Top of ENTRIES SHOWN

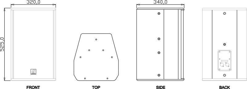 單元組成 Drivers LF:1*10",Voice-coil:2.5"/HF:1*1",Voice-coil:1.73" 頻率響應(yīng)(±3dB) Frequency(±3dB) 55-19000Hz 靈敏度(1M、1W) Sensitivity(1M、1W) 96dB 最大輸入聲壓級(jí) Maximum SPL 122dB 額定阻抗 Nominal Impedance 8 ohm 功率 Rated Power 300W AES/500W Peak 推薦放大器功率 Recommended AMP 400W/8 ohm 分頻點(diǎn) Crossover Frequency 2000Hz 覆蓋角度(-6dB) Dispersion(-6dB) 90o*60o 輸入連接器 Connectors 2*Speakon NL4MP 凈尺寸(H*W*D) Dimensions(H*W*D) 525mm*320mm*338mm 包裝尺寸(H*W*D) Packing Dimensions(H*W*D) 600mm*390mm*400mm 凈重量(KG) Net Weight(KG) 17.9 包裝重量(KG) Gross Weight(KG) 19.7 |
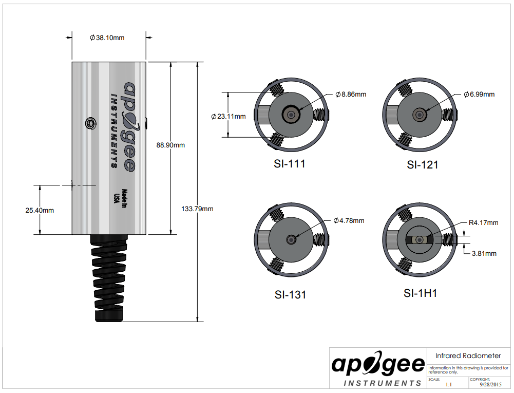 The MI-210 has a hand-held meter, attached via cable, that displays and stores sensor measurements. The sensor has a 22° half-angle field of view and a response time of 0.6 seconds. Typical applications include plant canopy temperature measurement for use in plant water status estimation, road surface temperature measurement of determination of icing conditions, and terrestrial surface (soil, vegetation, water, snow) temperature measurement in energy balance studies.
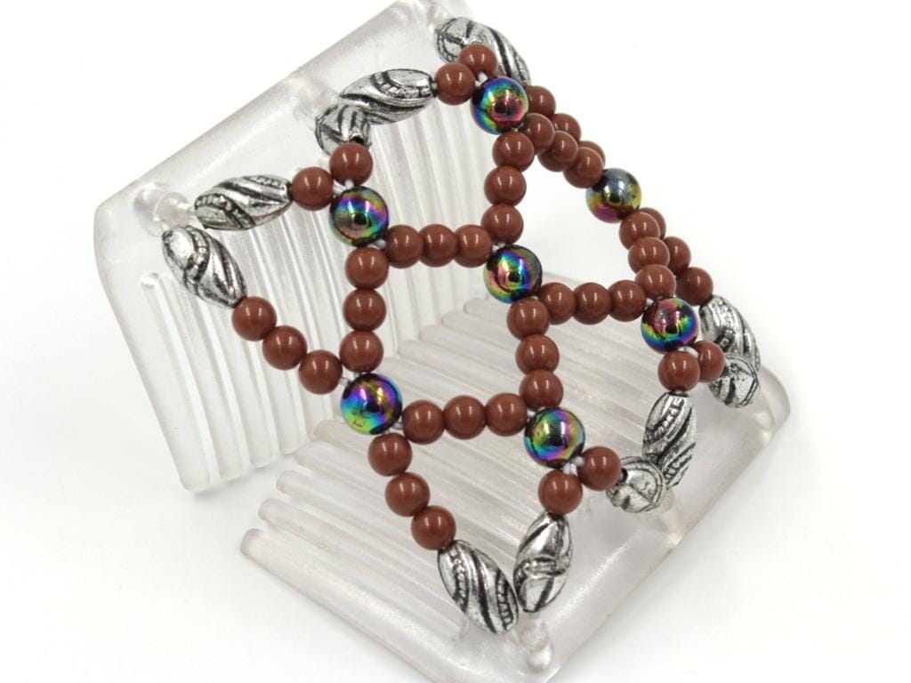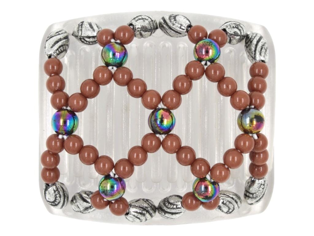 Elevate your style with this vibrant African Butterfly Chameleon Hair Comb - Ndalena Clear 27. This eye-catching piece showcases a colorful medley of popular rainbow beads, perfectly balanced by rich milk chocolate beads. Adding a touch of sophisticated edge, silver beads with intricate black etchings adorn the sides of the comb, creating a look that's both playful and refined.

Bottom of ENTRIES SHOWN
Top of ENTRIES SHOWN

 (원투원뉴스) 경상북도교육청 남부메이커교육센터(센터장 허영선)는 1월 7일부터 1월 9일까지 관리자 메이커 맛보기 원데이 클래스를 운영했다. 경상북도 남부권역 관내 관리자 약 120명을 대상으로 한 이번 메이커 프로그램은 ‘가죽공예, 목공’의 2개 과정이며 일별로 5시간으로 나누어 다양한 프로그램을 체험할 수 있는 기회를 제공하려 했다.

Bottom of ENTRIES SHOWN

### PROMPT
The line holding "The MI-210 has" starts the copy and the line holding "Elevate your style" ends it. Repeat those two lines above and all between them exactly, leaving out pictures.

### SOLUTION FOR THIS EXERCISE
 The MI-210 has a hand-held meter, attached via cable, that displays and stores sensor measurements. The sensor has a 22° half-angle field of view and a response time of 0.6 seconds. Typical applications include plant canopy temperature measurement for use in plant water status estimation, road surface temperature measurement of determination of icing conditions, and terrestrial surface (soil, vegetation, water, snow) temperature measurement in energy balance studies.
 Elevate your style with this vibrant African Butterfly Chameleon Hair Comb - Ndalena Clear 27. This eye-catching piece showcases a colorful medley of popular rainbow beads, perfectly balanced by rich milk chocolate beads. Adding a touch of sophisticated edge, silver beads with intricate black etchings adorn the sides of the comb, creating a look that's both playful and refined.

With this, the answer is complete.